Records drawn from a dataset:
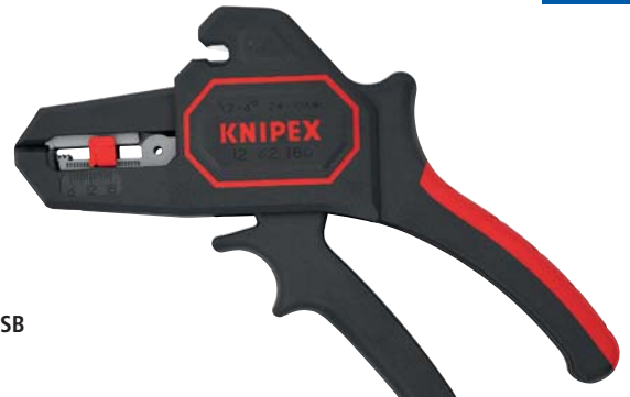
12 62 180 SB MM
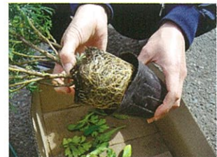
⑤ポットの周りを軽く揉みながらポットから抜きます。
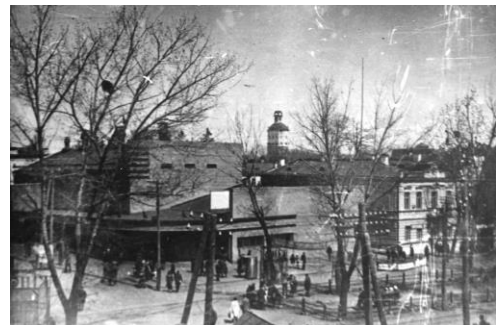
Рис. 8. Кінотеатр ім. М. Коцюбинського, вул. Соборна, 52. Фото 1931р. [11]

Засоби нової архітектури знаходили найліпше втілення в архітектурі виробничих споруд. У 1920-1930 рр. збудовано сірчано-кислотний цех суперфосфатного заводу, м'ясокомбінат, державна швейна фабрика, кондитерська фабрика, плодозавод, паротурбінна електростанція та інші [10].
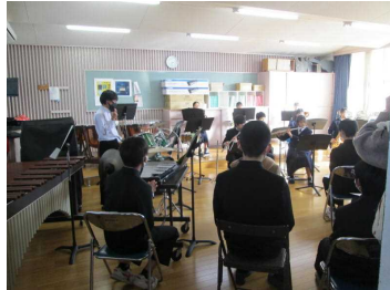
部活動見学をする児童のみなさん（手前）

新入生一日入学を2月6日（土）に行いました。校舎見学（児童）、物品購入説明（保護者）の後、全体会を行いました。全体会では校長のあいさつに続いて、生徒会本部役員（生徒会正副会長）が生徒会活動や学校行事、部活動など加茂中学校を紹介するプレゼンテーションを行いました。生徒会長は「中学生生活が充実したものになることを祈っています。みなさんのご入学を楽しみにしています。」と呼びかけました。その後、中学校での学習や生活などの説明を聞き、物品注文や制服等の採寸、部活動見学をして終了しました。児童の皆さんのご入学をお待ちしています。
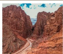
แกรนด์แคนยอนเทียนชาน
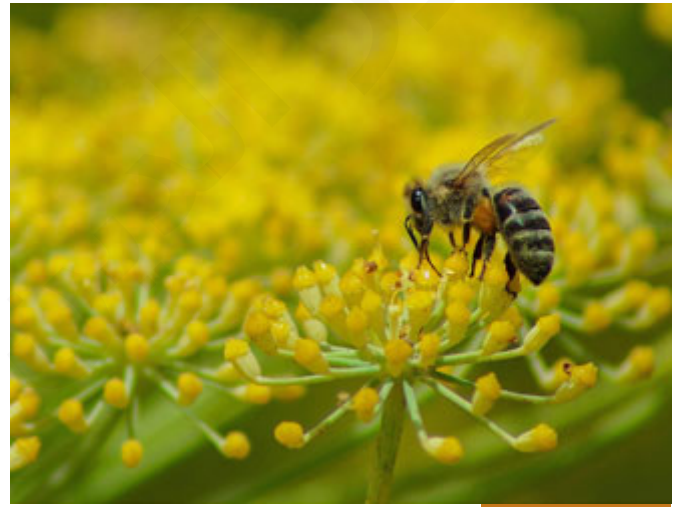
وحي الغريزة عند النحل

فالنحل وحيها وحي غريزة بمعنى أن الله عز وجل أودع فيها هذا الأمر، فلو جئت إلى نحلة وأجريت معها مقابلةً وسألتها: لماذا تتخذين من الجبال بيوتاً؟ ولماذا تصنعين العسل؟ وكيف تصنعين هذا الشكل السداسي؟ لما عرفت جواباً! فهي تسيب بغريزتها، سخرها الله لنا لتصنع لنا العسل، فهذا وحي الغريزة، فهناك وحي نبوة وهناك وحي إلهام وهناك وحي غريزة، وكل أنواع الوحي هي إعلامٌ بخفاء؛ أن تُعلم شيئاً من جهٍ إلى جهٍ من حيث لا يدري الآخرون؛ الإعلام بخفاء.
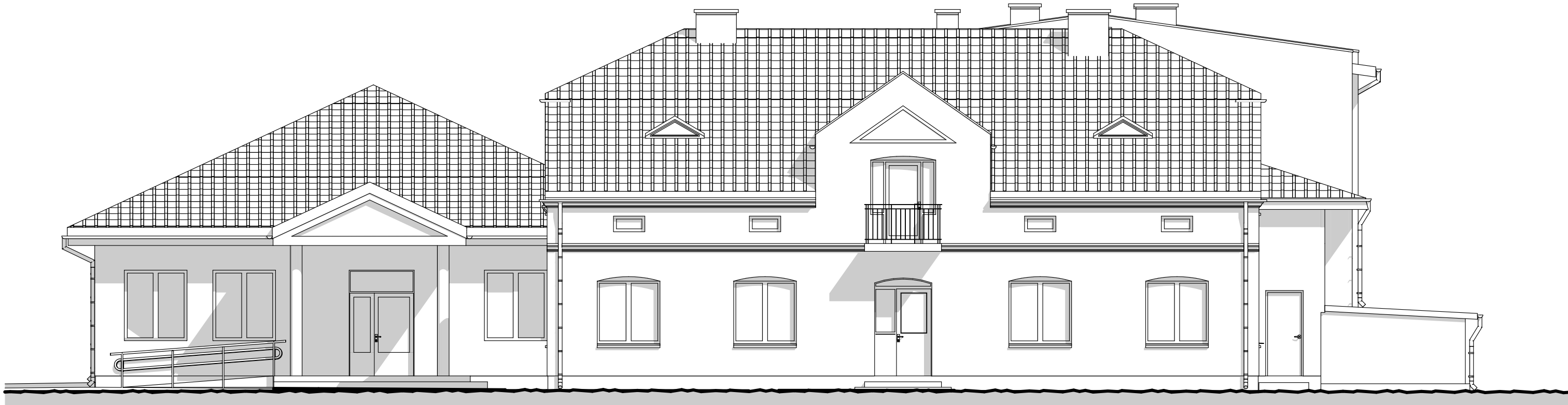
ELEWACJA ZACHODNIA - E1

WORK TASK:
The reply should hold exactly the lines above, starting at the line with "部活動見学をする児童のみなさん（手前）" and ending at the line with "وحي الغريزة عند النحل", and no pictures.

SOLUTION TO THIS EXERCISE:
部活動見学をする児童のみなさん（手前）

新入生一日入学を2月6日（土）に行いました。校舎見学（児童）、物品購入説明（保護者）の後、全体会を行いました。全体会では校長のあいさつに続いて、生徒会本部役員（生徒会正副会長）が生徒会活動や学校行事、部活動など加茂中学校を紹介するプレゼンテーションを行いました。生徒会長は「中学生生活が充実したものになることを祈っています。みなさんのご入学を楽しみにしています。」と呼びかけました。その後、中学校での学習や生活などの説明を聞き、物品注文や制服等の採寸、部活動見学をして終了しました。児童の皆さんのご入学をお待ちしています。
แกรนด์แคนยอนเทียนชาน
وحي الغريزة عند النحل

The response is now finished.